**** PROVIDED ENTRIES
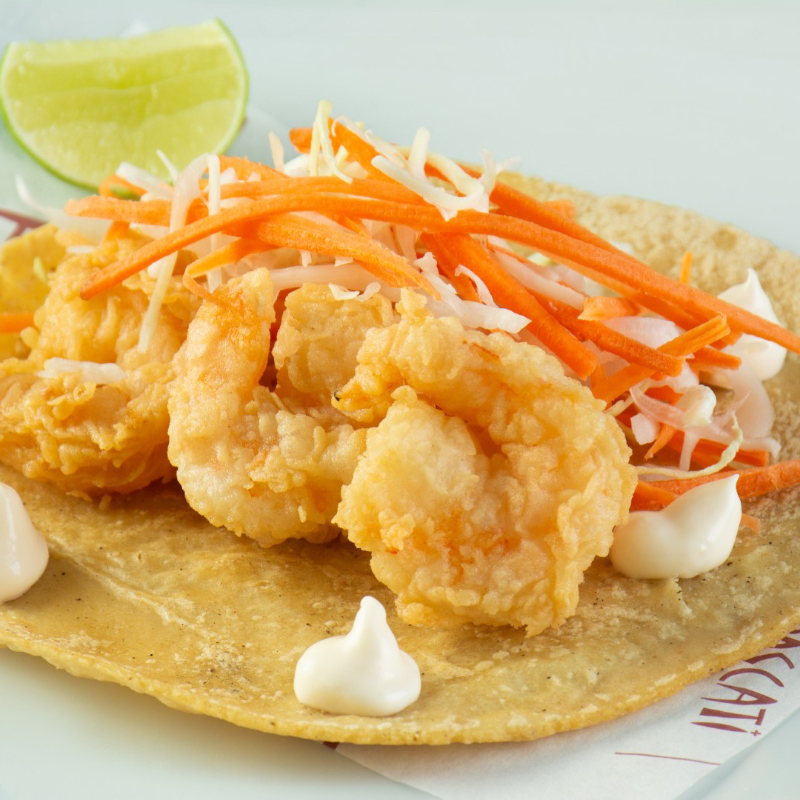 Con tortilla de comal, mayonesa y emulsión de habanero.
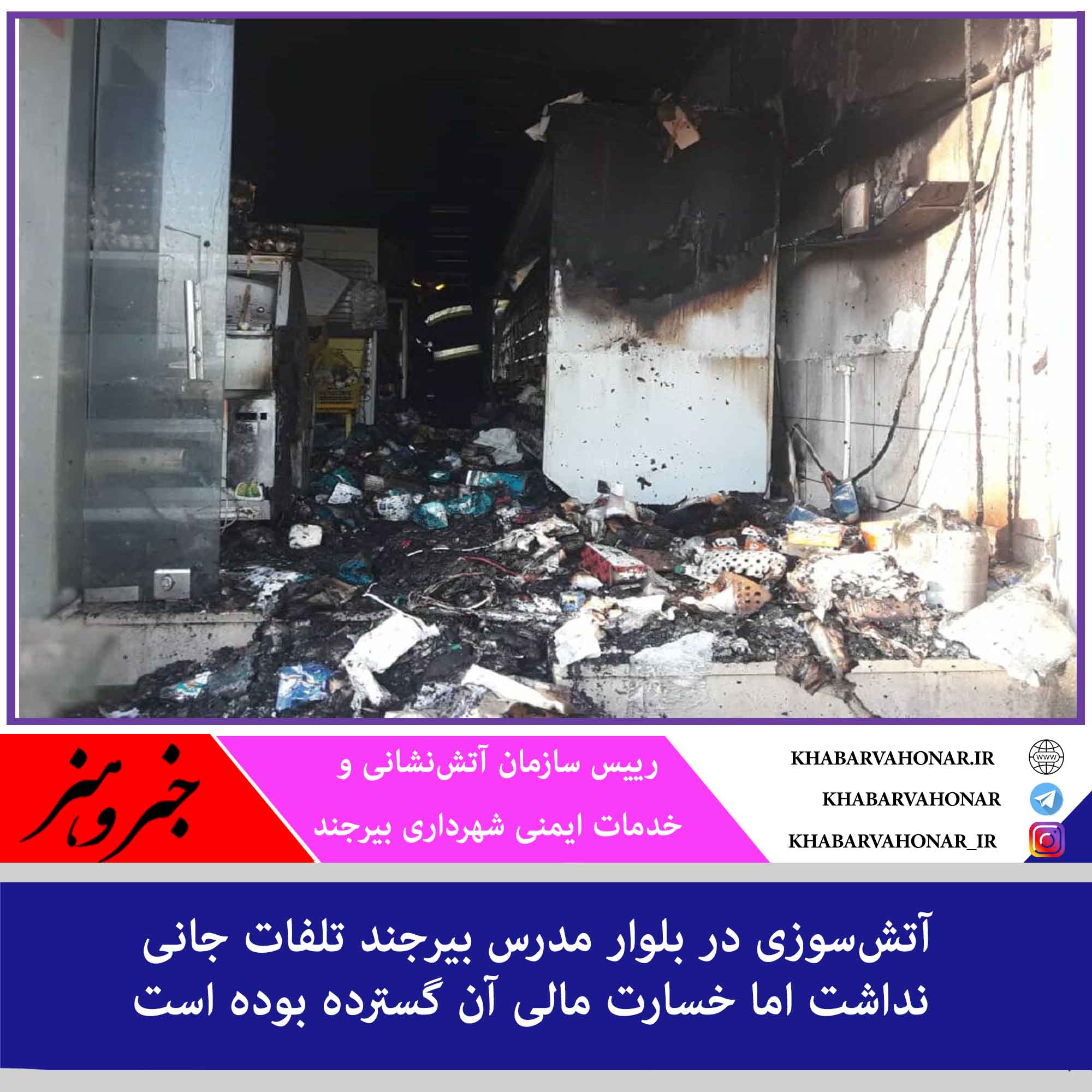 رییس سازمان آتشنشانی و خدمات ایمنی شهرداری بیرجند گفت: آتشسوزی در بلوار مدرس بیرجند تلفات جانی نداشت اما خسارت مالی آن گسترده بوده است.
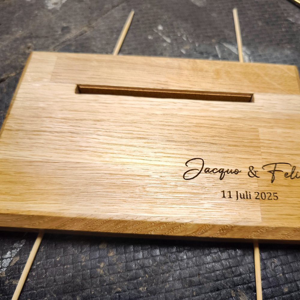 Pour concevoir le support, découpez le bois de chêne dans la forme souhaitée, limez et poncez pour une finition lisse, puis terminez par une gravure personnalisée avec des outils adaptés, comme un laser.
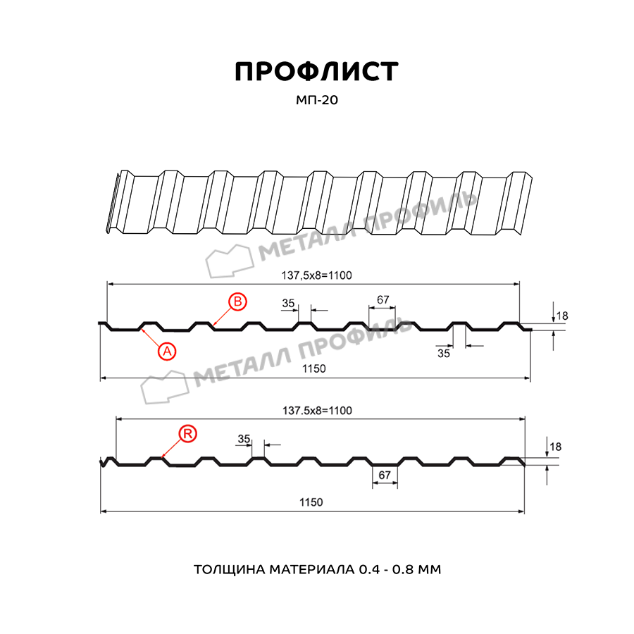 Профиль МП-20 относится к универсальным cтройматериалам. В сравнении с другими модификациями профлиста, этот изготавливается в трёх версиях: А, В и R. Типы А и В применяются для кровельных работ, облицовки стен, возведения ограждений, для внутренней обшивки складских зданий, гаражей, ангаров и т.п. Вариант с буквой R отличается наличием капиллярной канавки и используется для обустройства кровли. В зависимости от зоны применения, МП-20 изготавливается из оцинкованной стали толщиной от 0,4 до 0,8 мм. Важная деталь: хоть в названии указана цифра 20, на самом деле глубина этого профнастила – 18 мм. Это материал эконом-класса и имеет доступную стоимость. МП-20 – надёжный и долговечный стройматериал, преимущества которого высоко оценивают не только частные домовладельцы, но и промышленные строители. Он отличается хорошей несущей способностью, выдерживает значительные статические нагрузки и эффективно противостоит нагрузкам динамическим.
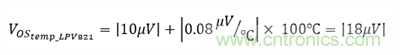 為最小化偏移誤差,LPV821零漂移毫微功耗運算放大器是一款理想器件。 使用Equation 5并假設(shè)操作溫度范圍為0°C—100°C,該器件產(chǎn)生的最大偏移誤差為:
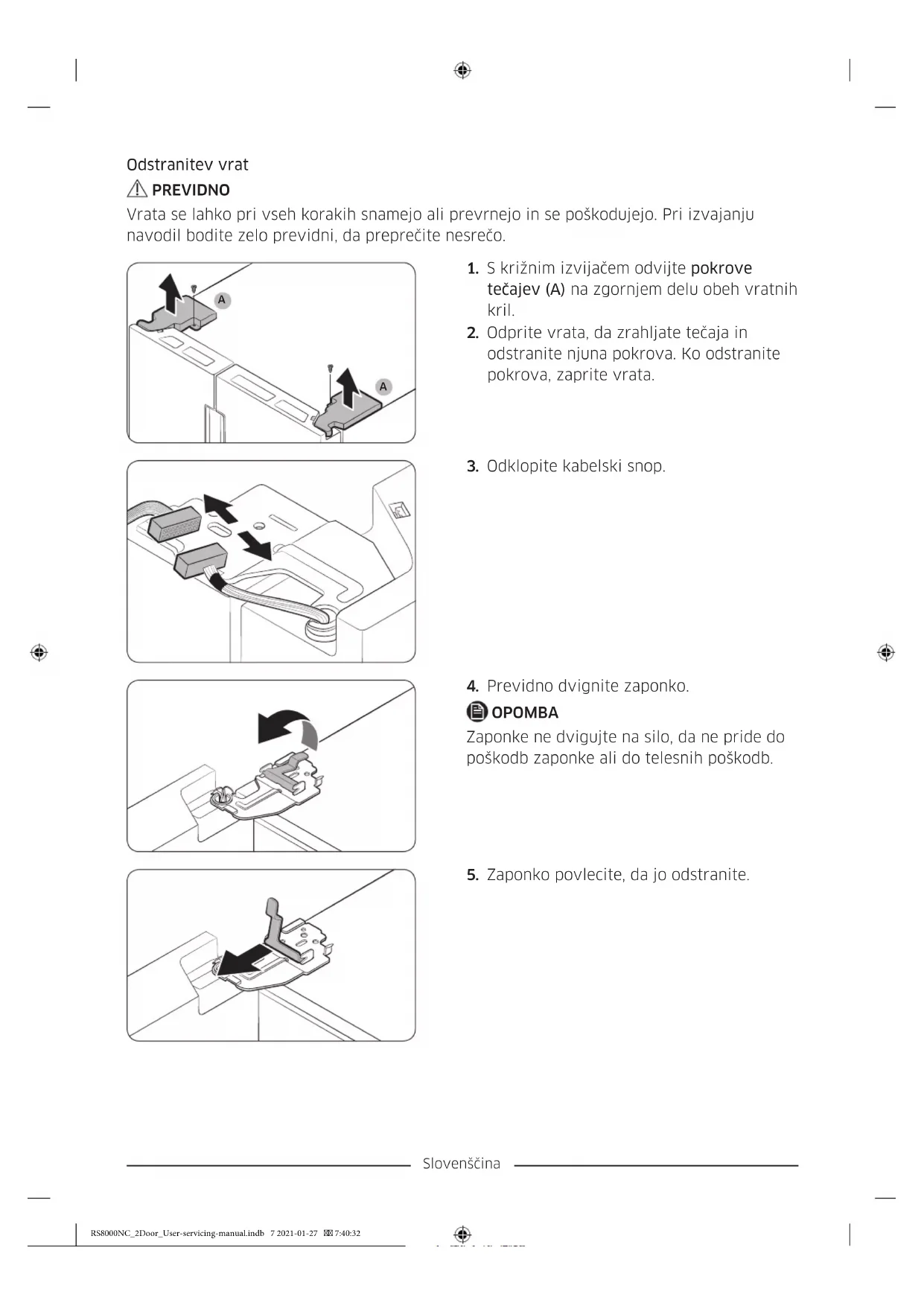 prozorno spojko (A) ter snemite cev za vodo (B). PREVIDNO Pri delu s spojko ne uporabljajte pretirane sile. Lahko bi se zlomila. RS8000NC_2Door_User-servicing-manual.indb 6 2021-01-27 7:40:32Slovenščina Odstranitev vrat PREVIDNO Vrata se lahko pri vseh korakih snamejo ali prevrnejo in se poškodujejo. Pri izvajanju navodil bodite zelo previdni, da preprečite nesrečo.
********
#### TO DO:
Leave out every picture and copy the rest of the records exactly.

#### ANSWER BOX:
 Con tortilla de comal, mayonesa y emulsión de habanero.
 رییس سازمان آتشنشانی و خدمات ایمنی شهرداری بیرجند گفت: آتشسوزی در بلوار مدرس بیرجند تلفات جانی نداشت اما خسارت مالی آن گسترده بوده است.
 Pour concevoir le support, découpez le bois de chêne dans la forme souhaitée, limez et poncez pour une finition lisse, puis terminez par une gravure personnalisée avec des outils adaptés, comme un laser.
 Профиль МП-20 относится к универсальным cтройматериалам. В сравнении с другими модификациями профлиста, этот изготавливается в трёх версиях: А, В и R. Типы А и В применяются для кровельных работ, облицовки стен, возведения ограждений, для внутренней обшивки складских зданий, гаражей, ангаров и т.п. Вариант с буквой R отличается наличием капиллярной канавки и используется для обустройства кровли. В зависимости от зоны применения, МП-20 изготавливается из оцинкованной стали толщиной от 0,4 до 0,8 мм. Важная деталь: хоть в названии указана цифра 20, на самом деле глубина этого профнастила – 18 мм. Это материал эконом-класса и имеет доступную стоимость. МП-20 – надёжный и долговечный стройматериал, преимущества которого высоко оценивают не только частные домовладельцы, но и промышленные строители. Он отличается хорошей несущей способностью, выдерживает значительные статические нагрузки и эффективно противостоит нагрузкам динамическим.
 為最小化偏移誤差,LPV821零漂移毫微功耗運算放大器是一款理想器件。 使用Equation 5并假設(shè)操作溫度范圍為0°C—100°C,該器件產(chǎn)生的最大偏移誤差為:
 prozorno spojko (A) ter snemite cev za vodo (B). PREVIDNO Pri delu s spojko ne uporabljajte pretirane sile. Lahko bi se zlomila. RS8000NC_2Door_User-servicing-manual.indb 6 2021-01-27 7:40:32Slovenščina Odstranitev vrat PREVIDNO Vrata se lahko pri vseh korakih snamejo ali prevrnejo in se poškodujejo. Pri izvajanju navodil bodite zelo previdni, da preprečite nesrečo.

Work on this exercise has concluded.